Kheti ka khoon to Khoon ki kheti: How blood stays integral to political sloganeering

Aditi Tandon

Today News Online Service

New Delhi, February 5

That blood is integral to political sloganeering in India was evident again on Friday when Agriculture Minister Narendra Tomar accused principal Opposition Congress of doing “khoon ki kheti”.

“Sirf Congress hi khoon ki kheti kar sakti hai,” the minister said in Rajya Sabha days after Congress leader Rahul Gandhi released a booklet titled “Kheti ka khoon” documenting farmers’ protests and demands.

Though Congress MPs Deepender Singh Hooda, Partap Bajwa and others termed Tomar’s  remarks “unfortunate” with Hooda vowing to fight the government “tooth and nail” on farmers’ issues, the BJP defended the minister’s remarks saying the Congress was the inventor of some real sharp barbs.

The reference was to Rahul Gandhi’s 2019 Lok Sabha election eve comments accusing the government of “hiding behind the blood of martyrs (khoon ki dalaali karten hain)”, after the IAF strike in Balakot which propelled the national mood in BJP’s favour.

Earlier, Sonia Gandhi had on Lok Sabha 2019 election eve asked people to defeat the forces that did “zeher ki kheti (farming with poison)”.

Sonia’s “Maut ka saudagar” barb against then Gujarat Chief Minister Narendra Modi continues to cast a shadow on Congress’ sloganeering strategy.

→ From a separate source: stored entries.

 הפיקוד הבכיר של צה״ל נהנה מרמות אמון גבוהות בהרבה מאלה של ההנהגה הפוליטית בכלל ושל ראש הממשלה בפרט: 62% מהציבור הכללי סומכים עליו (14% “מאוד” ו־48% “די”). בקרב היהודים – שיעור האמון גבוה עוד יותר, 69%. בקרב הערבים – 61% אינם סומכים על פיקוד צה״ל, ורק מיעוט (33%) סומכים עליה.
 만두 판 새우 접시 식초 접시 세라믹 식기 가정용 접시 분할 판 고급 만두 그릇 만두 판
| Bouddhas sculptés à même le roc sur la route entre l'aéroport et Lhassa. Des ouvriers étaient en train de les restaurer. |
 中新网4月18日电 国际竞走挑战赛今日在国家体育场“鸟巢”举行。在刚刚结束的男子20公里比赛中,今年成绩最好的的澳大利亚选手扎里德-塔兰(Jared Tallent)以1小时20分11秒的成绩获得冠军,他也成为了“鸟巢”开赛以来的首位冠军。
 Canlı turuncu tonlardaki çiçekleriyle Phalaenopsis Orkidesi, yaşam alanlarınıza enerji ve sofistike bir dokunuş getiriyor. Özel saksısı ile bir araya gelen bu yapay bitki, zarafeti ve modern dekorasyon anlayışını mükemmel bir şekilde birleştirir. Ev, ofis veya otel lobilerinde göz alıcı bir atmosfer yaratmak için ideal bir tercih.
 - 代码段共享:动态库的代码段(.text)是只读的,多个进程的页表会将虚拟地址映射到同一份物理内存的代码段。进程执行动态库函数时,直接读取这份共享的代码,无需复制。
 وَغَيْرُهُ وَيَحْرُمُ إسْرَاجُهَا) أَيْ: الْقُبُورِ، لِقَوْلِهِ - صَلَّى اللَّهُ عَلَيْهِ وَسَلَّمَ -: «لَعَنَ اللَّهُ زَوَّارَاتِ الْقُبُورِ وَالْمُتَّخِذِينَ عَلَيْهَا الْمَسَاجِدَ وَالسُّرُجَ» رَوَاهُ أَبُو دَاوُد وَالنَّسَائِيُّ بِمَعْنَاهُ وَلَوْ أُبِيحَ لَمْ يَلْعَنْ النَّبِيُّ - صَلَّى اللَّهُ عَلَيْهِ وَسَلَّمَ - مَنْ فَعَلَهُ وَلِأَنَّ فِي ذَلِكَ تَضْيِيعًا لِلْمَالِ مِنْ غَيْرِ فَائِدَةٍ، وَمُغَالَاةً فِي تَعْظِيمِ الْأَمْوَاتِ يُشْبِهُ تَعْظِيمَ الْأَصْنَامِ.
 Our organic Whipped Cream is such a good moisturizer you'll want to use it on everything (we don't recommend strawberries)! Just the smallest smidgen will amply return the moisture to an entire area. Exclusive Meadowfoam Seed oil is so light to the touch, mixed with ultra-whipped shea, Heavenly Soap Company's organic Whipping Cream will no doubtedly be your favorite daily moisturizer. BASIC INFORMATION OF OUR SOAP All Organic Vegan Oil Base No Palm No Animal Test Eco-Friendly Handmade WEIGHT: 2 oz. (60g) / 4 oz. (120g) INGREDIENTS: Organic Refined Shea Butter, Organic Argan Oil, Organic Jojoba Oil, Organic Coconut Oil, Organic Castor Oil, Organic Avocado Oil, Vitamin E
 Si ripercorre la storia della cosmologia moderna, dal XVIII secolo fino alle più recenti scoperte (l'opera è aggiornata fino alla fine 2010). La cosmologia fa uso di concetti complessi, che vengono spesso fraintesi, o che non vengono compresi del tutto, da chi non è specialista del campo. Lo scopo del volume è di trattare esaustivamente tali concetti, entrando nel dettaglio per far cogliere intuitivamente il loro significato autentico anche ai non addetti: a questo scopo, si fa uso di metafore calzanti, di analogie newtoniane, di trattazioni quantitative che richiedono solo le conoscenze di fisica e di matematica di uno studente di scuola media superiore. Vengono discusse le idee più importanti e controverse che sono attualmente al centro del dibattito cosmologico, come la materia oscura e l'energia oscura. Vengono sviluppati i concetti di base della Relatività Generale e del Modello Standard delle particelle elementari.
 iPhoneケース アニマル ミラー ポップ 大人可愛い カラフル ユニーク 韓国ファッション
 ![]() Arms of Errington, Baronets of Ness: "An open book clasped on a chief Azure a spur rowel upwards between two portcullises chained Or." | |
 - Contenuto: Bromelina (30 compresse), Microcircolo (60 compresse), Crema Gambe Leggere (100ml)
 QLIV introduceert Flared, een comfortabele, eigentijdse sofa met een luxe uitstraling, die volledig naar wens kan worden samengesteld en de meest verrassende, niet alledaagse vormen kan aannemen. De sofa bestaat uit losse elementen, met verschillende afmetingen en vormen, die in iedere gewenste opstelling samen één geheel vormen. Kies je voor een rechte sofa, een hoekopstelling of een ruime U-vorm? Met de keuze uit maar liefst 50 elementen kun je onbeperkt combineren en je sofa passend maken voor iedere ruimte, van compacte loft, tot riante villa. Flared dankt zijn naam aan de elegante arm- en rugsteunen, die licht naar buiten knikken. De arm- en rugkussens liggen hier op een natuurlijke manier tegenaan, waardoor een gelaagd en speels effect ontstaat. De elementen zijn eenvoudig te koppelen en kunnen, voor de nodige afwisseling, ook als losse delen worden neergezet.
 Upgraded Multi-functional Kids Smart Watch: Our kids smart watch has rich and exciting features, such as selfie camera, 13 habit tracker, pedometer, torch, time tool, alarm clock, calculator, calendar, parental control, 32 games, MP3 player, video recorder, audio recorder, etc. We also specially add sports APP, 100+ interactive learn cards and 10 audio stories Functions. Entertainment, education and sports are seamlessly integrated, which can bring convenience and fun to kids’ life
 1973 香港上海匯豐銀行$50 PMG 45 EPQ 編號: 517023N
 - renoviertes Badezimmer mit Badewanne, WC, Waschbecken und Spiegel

Though the symbolism of blood has remained integral to political sloganeering in India from the days when Netaji Subhash Chandra Bose called for few drops of blood in lieu for freedom (tum mujhe khoon do, main tumhe aazadi doonga) to now, the tenor of clarion calls has changed. 

Where call in the name of blood would inspire people earlier, these may well end up repulsing them now.

For, not all slogans invoking blood are as powerful as the one given by Netaji or even by the legendary American civil rights campaigner Martin Luther King who eloquently said, “If I wish to compose or write or pray or preach well, I must be angry. Then all the blood in my veins is stirred, and my understanding is sharpened.”